Forse, alla fin fine, ciò che davvero interessa a Miles è “l’underground”. Il principale punto focale di
London Calling è dunque rappresentato dai bizzarri elementi di Soho, a partire dagli impresari letterari
e artistici della fine degli anni Quaranta in poi, passando per gli happening degli anni Sessanta, «International Times» e la London Free School, fino al mondo parimenti ad alto tasso pubblicitario di Grayson Perry e Leigh Bowery. La baldoria poetica dell’Albert Hall orchestrata da Allen Ginsberg nel 1965
viene ripresa in ogni minimo dettaglio, e c’è qualche reportage scelto dal palco dell’UFO Club, da cui
l’estemporanea presentatrice, Suzy Creamcheese, una volta ha annunciato: “Forse alcuni di voi sono
mosci, e forse stanotte verrà la polizia […] Ma noi non vogliamo che gli sbirri chiudano l’UFO. Perciò,
se siete mosci, fatemi il favore, andate fuori e tornate quando state alla grande”.
Attraverso una nebbia di fumi di hascisc, corroborata dal fruscio dei caffettani, vanno e vengono figure
familiari: Johnny “Hoppy” Hopkins, polivalente creatore di happening; Jeff Nuttall, l’autore di Bomb
Culture; il manager dei Sex Pistols Malcolm McLaren.

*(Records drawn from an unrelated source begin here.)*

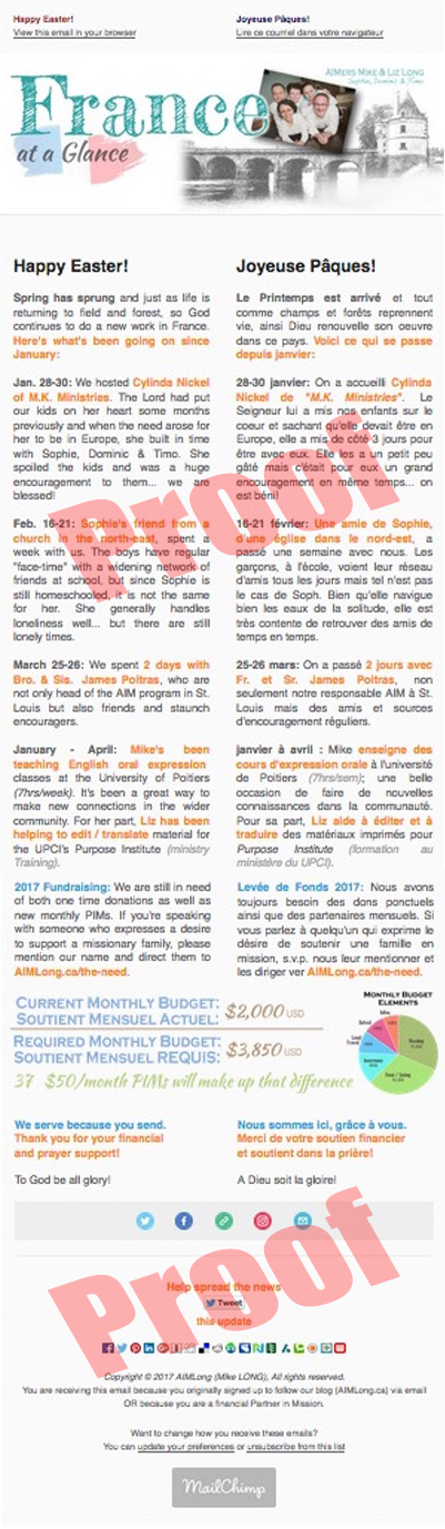 Note: It looks long, but it’s because I publish English and French in the same email, actual communication in each language is succinct.
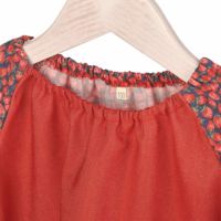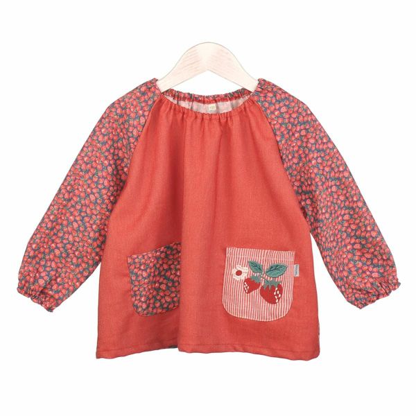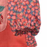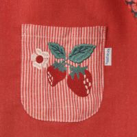 衿口ゴムで、ゆったりサイズのスモックです。フロントにポケットが付いていてそこにイチゴの刺しゅうがついてかわいいですね。
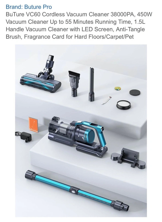 New Buture VC60 cordless vacuum cleaner with powerful 38000PA suction and a 450W motor. This lightweight vacuum offers up to 55 minutes of runtime and features a 1.5L dustbin, an LED screen, and an anti-tangle brush.
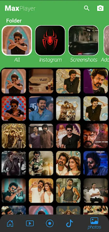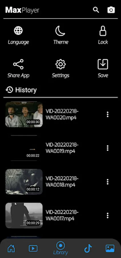 It is a Video player with a music player on top of it and you can see your photos .There are 3 buttons on the fast screen for playing fast music and then you can see the videos on your phone as video reels and the second button you can see the photos on the 3rd button. Then there is the bottam bar which has 5 Screens and on the second screen you can see all the videos and movies. Thirdly there is a button to change the language on the screen and then there is a button to change the theme and then you can save all the videos, music and photos on your phone. That is the look button. And the settings button. Then you can see the video history below the App share button. You can play music on the 4th screen. You can see the photos on the 5th screen
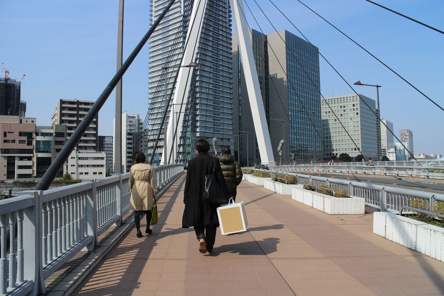 まずは、明祥ビル+Soiプロジェクトの打合せをお施主さん宅にて行いました.今回本見積をして、解体工事の結果、当初の想定より、設備や補修に予算を取られ、金額が高くなってしまったのですが、家賃での回収金額の期間の前提を少し調整し、予算を上げて頂きました.打合せの後は、お施主さんと一緒に現場へ、お施主さん宅は新川の隣の月島、佃に位置しているので、橋を渡って現場まで向かいます.本日は、すっかり暖かく、外を歩くのが気持ちがいい季節になりました.

Le parti migliori, inevitabilmente, derivano dalla
posizione di Miles, che in quel periodo agitava la scena, e dalla sua amicizia con Paul McCartney, cliente
della sua libreria, l’Indica.
Lo sfrenato racconto di Miles si avvia a una lenta conclusione quando raggiunge gli anni Novanta e
Duemila, e suggerisce che il nuovo epicentro della controcultura sia l’East End, non più W1. I dettagli
bohémien abbondano. Mi stupisce una visione incredibilmente allegra delle attrattive della controcultura. Agli inizi dei fatti l’autore descrive un club denominato Jimmy’s a Frith Street come un rifugio
per coloro che «tentavano la fuga dalla dura realtà dell’Inghilterra postbellica». Quanto a questo, anche Soho era una realtà piuttosto dura.